Blach does remember when they bought the horse for about $400,000. “We wanted to race him in the southwest part of the country, which had some large purses,” said Blach. It turned out those top-grade races and Mine That Bird’s top finishes qualified the horse for the Kentucky Derby.

“I knew several people who traveled to Ruidoso to wager on the horse there at the downs. What was amusing was that some of them got carried away and bet a little more on him than they should have. When they won, there wasn’t enough money at the parlor to pay out, so they had to come back Monday to collect,” Blach chuckled.

Mine That Bird’s feat was so rare and remarkable that Hollywood came a calling. After all, the horse won the Derby by more than six lengths, a feat that hadn’t been accomplished in more than 60 years, and only once before had another horse won as a 50-1 longshot.

The story was too good not to tell. Movie producer Jim Wilson — who with actor/producer Kevin Costner won the Academy Award for best film for “Dances with Wolves in 1991 — made a film about it, “50-1.” Blach was portrayed by William Devane, who starred in the long-running primetime soap opera Knots Landing.

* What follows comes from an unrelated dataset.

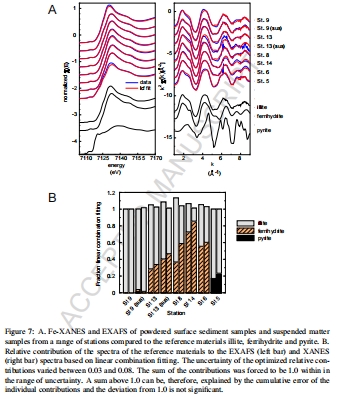 研究意義:表征Fe的礦物學和結合形態。沉積物富集易還原Fe氧化物(ferrihydrite)和粘土結合Fe(圖5、圖6)。X射線光譜證實遠岸站點ferrihydrite比例高(圖7),指示運輸過程中的氧化沉淀。Fe/Al比率變化(圖6)顯示沿海站點埋藏有限,遠岸站點富集。

“Before we started shooting the movie, we got together with the actors who were going to portray us. I met with William a few times and he got to know who I was,” said Blach.

In the 10 years since this remarkable life experience, not much has changed in the lives surrounding Mine That Bird. Allen continues to work on his horse farm.

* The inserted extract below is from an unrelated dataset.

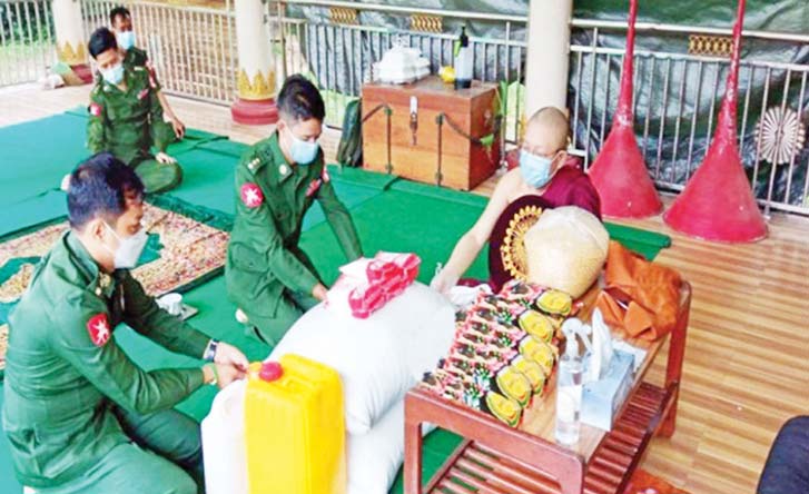 ကိုဗစ်-၁၉ ရောဂါ ကြိုတင်ကာကွယ်ရေးလုပ်ငန်းများ ဆောင်ရွက်နေသည့်ကာလ အတွင်း ဆွမ်းကိစ္စရပ်များ အဆင်ပြေစေရန်ရည်ရွယ်၍ တပ်မတော်(ကြည်း၊ရေ၊ လေ) အရာရှိ၊ စစ်သည်၊ အရာထမ်း၊ အမှုထမ်းများနှင့် စေတနာရှင်အလှူရှင်များက မြို့နယ် အသီးသီးရှိ ဘုန်းတော်ကြီး ကျောင်းများ၊ သာသနာနွယ်ဝင် သီလရှင်ကျောင်းများနှင့် ဘာသာရေးကျောင်းများသို့ ဆွမ်းဆန်တော်၊ ဆီ၊ ဆား၊ ပဲ အမယ်(၄)မျိုးနှင့် လှူဖွယ် ပစ္စည်းများလှူဒါန်းခြင်း၊ နေ့ဆွမ်းများ ဆက်ကပ်လှူဒါန်းခြင်းနှင့် ကျန်းမာရေး စစ်ဆေး ပေးခြင်းများကို ဆောင်ရွက်လျက် ရှိသည်။

“I am retired now,” said Blach. “But I am itching to get back in the game. We kind of fell back to what we were doing before. It maybe changed our spirits. We got to know a lot of people we weren’t acquainted with before. It never went to our heads.”

Mine That Bird also has settled into a chilled life. But when the horse is roaming in the pasture and observes other racehorses training, he’ll get excited, his ears will perk. “These championship horses, they know what’s going on, they know when it’s game time,” Blach added. “To calm him down, we teamed him with a little Shetland named Winston.

“It’s sort of a companion that keeps him quiet and calm.”

Mind That Bird also is very aware of his celebrity. “When people drop in to visit, he knows he’s in for a treat. He loves the mints that are fed to him,” said Blach.

Mine That Bird will be at the east end of the Ruidoso grandstand on Saturday from 1 to 2:30 p.m., then he will be paraded on the racetrack between the fifth and sixth races. There will be a showing of the film “50-1” at 7 p.m., in the Turf Club.

As for Blach and Allen, they will be there today. Jockey Calvin Borel could not make it because of a previous commitment.

“I guarantee you he would be here if he could,” said Blach.

As the evening wore down at Ruidoso Downs, Blach felt like God had smiled on the “Cowboys” referring to trainer, co-owner, Mark Allen and trainer, Chip Wooley.

“Mine That Bird really put New Mexico on the map,” Blach said. “To be honored with an induction here in Ruidoso is just fantastic, there aren’t too many thoroughbreds here, to be enshrined among some of the greatest 2-year-olds is an honor.”

New Mexico is proud of Mine That Bird, and the thrills he gave all the New Mexicans 10 years ago, and the fans showed up tonight to welcome into the Ruidoso Hall of Fame.